The Queen made her first appearance since her accession day this week, and she continued her trend of wearing brooches that hearken back to the earliest days of her reign. Here’s more on the brooch she chose for Tuesday’s virtual audiences.
On Tuesday, the Queen received two new ambassadors via video link from Windsor Castle to Buckingham Palace. Viljar Lubi, the new ambassador from Estonia, presents his credentials virtually in the photograph above.
And here, Jose Pascual Marco Martinez, the new Spanish ambassador, meets the Queen virtually.
For the virtual audiences, the Queen wore a floral dress with pearls and a diamond floral brooch. This is the largest of the Nizam of Hyderabad Rose Brooches.
Here’s an excellent close-up of the brooch, taken during a royal visit to Paddington Station in London in June 2017. The diamond and platinum brooch was made by Cartier in the 1930s.
The brooch was originally the central element of a diamond floral tiara. The tiara and its coordinating necklace, both worn here by the Queen at the Royal Variety Performance in 1952, were wedding gifts from the Nizam of Hyderabad. He allowed Elizabeth to choose pieces from Cartier for her wedding present—a surefire way to make sure that she liked the gift!
The tiara was versatile from the start.
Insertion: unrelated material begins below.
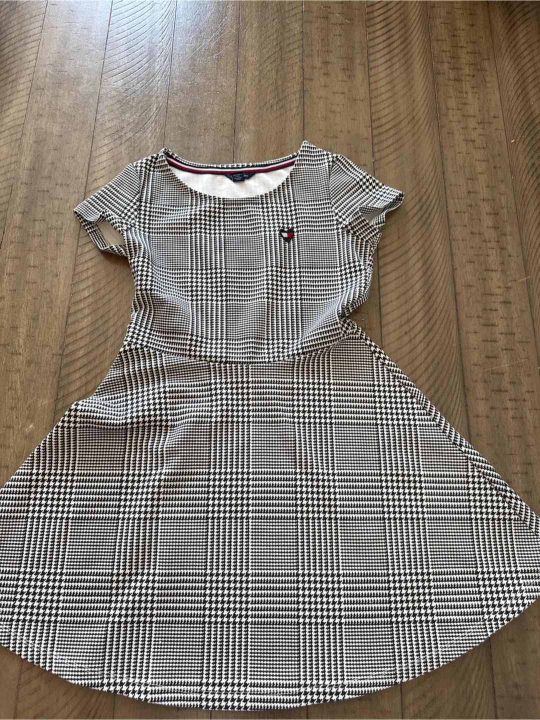 Tommy Hilfiger short-sleeve dress with a black, white, and red plaid pattern. It features a crew neck and a flared skirt. Made from a soft, comfortable fabric.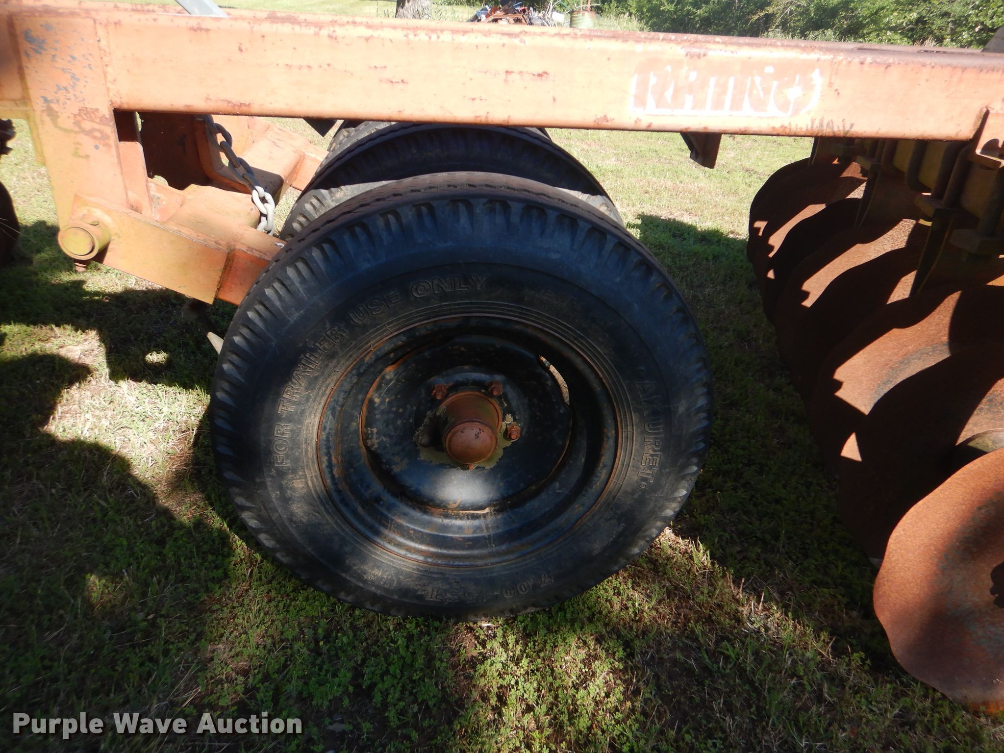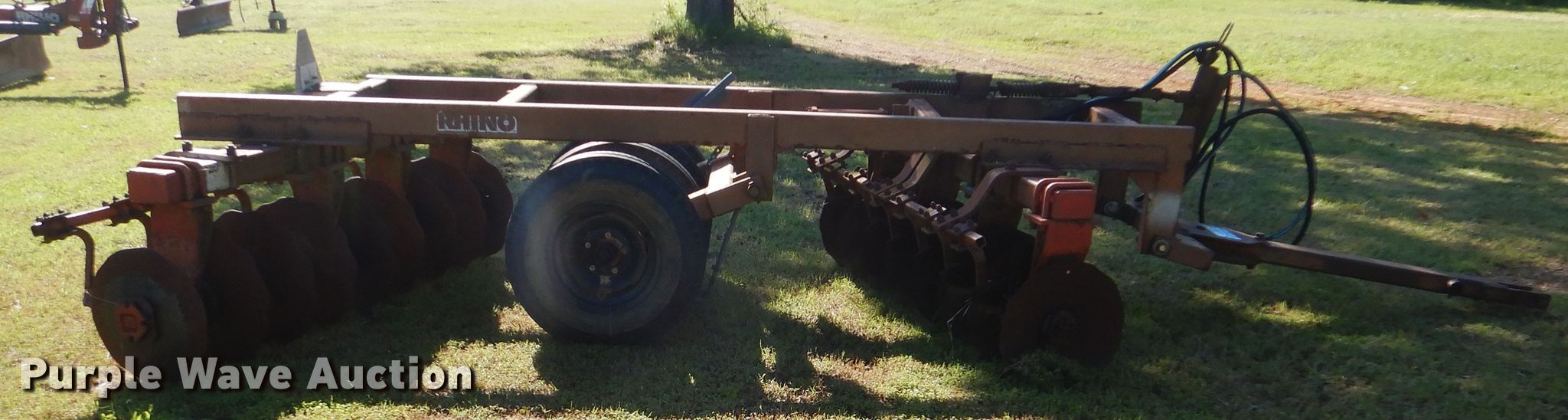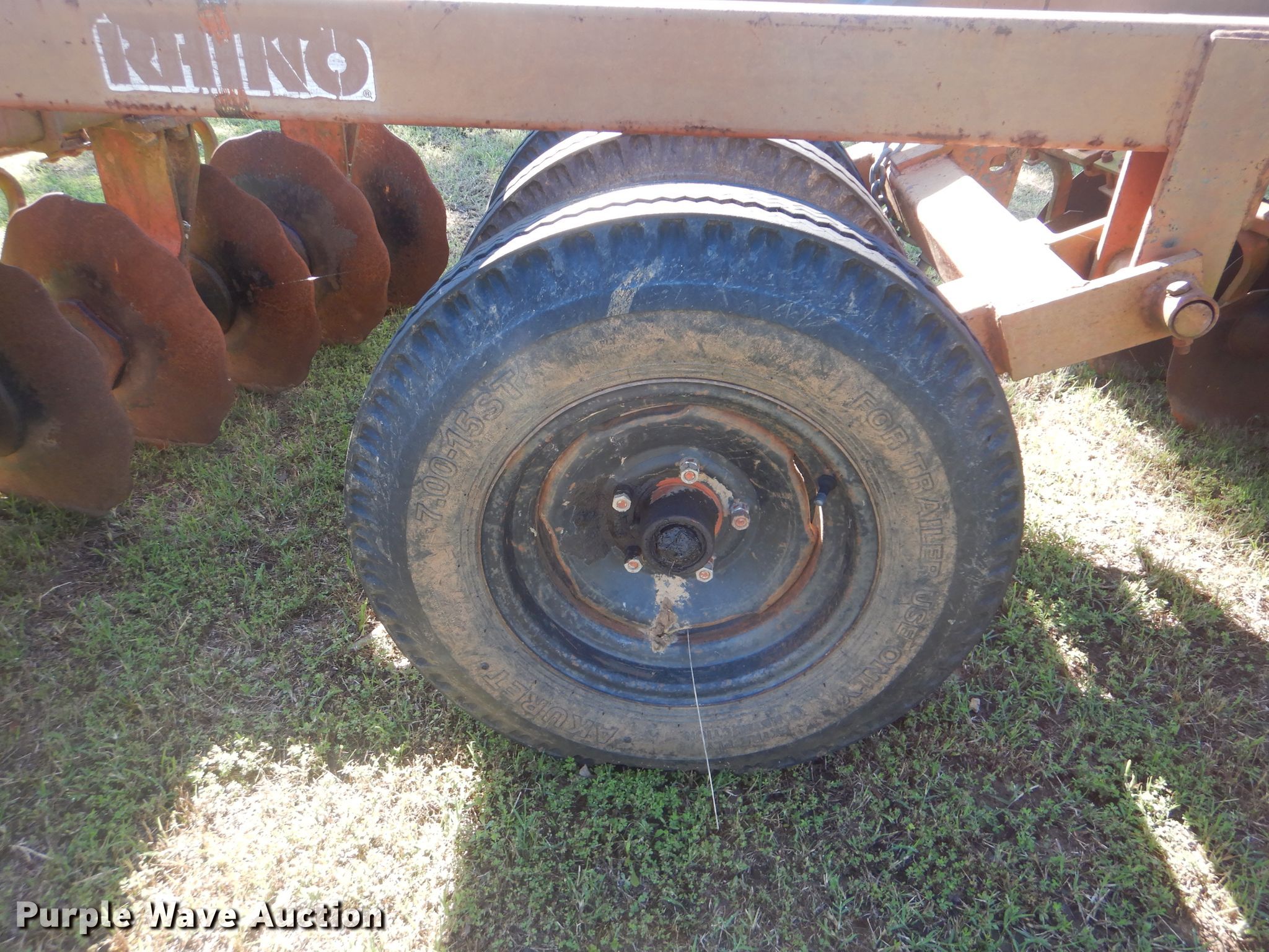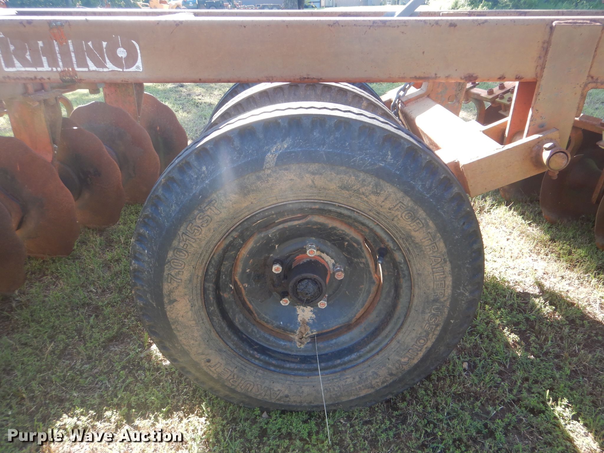 Purple Wave is selling a used Disk in Oklahoma. This item is a Rhino 167 tandem disk with the following: 6.5'W, 19" diameter disks, 10.5" spacing, Hydraulic fold, 7.00-15ST tires

The central floral element could be removed and worn as a brooch, as could two smaller floral sections on each side of the piece. Above, the then-Princess Elizabeth wears the large rose brooch as she visits President Harry Truman at the White House in 1951.
The tiara itself was dismantled in the 1970s, and the diamonds were used in the construction of the new Burmese Ruby Tiara. But the Queen has continued to wear all three of the rose brooches. She has especially chosen the largest brooch to wear frequently for royal engagements. Above, she wears the large Nizam Rose Brooch at Buckingham Palace for the launch of The Queen’s Baton Relay for the XXII Commonwealth Games in October 2021.
We also recently saw her wear the smaller Nizam rose brooches, which she almost always wears together as a pair. She chose them for a reception at Sandringham House on February 5, which celebrated the 70th anniversary of her accession to the throne. She wore brooches dating to the ’30s and ’40s during that entire weekend, a clear tribute to the people who supported her at the dawn of her reign.